(Source material begins)

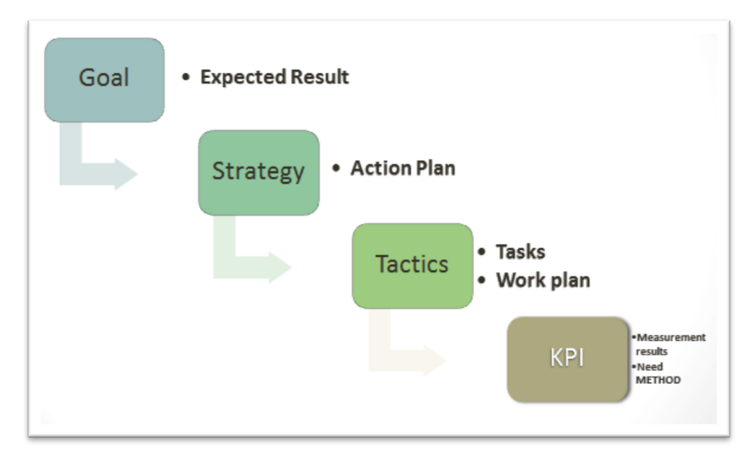
Fig. 1. KPI place in business process system

KPI's are a good alternative, reforming the business management system as a whole. KPI binding to the target wage level allows employees to express goals of the owner in a simple and understandable way - in salary (Srimannarayana, 2010). Enterprise Management System involves a chain of "goal-strategy-tactics-business processes." Levels can be both formal (typical for a company with a high level of internal organization), and formalized (Gabcanova, 2012). First, let us define the purpose of the enterprise. For example, the goal is to retain current position in the market. Then depending on the goals, the main directions of the goal (its strategy) are being outlined. According to the planned direction, a work plan is being developed - a tactical level of management. Further, at the operational level, the work plan is adopted by members of stuff to their work (Fig. 1).
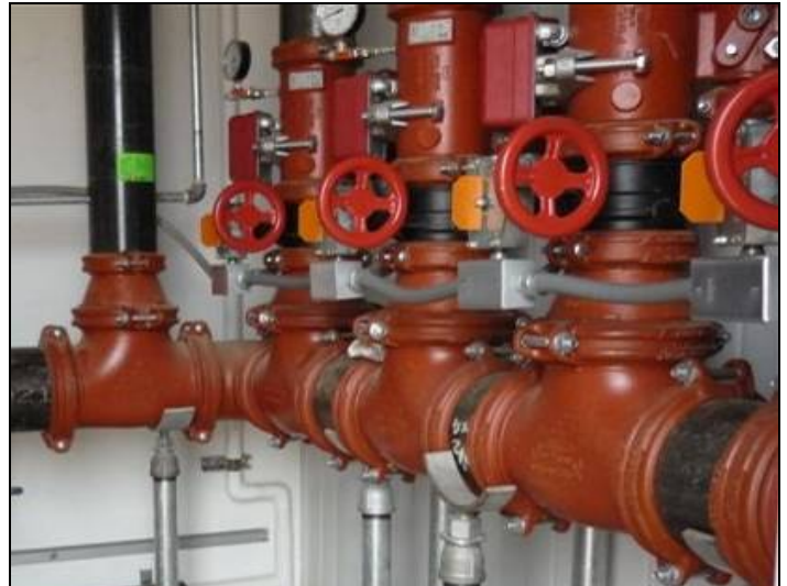
Figure 6. Fittings in the pentant 2 fire protection control room.

Work on the remaining sections of the ring building continues to progress well. The entire roof system will be completed in August and siding exterior panel installation is now underway in pentant 5. Completion of enclosure of the building is expected during September.

(Source material ends)

Assignment >> Copy all lines above where "business" is present.

Task output >>
Fig. 1. KPI place in business process system
KPI's are a good alternative, reforming the business management system as a whole. KPI binding to the target wage level allows employees to express goals of the owner in a simple and understandable way - in salary (Srimannarayana, 2010). Enterprise Management System involves a chain of "goal-strategy-tactics-business processes." Levels can be both formal (typical for a company with a high level of internal organization), and formalized (Gabcanova, 2012). First, let us define the purpose of the enterprise. For example, the goal is to retain current position in the market. Then depending on the goals, the main directions of the goal (its strategy) are being outlined. According to the planned direction, a work plan is being developed - a tactical level of management. Further, at the operational level, the work plan is adopted by members of stuff to their work (Fig. 1).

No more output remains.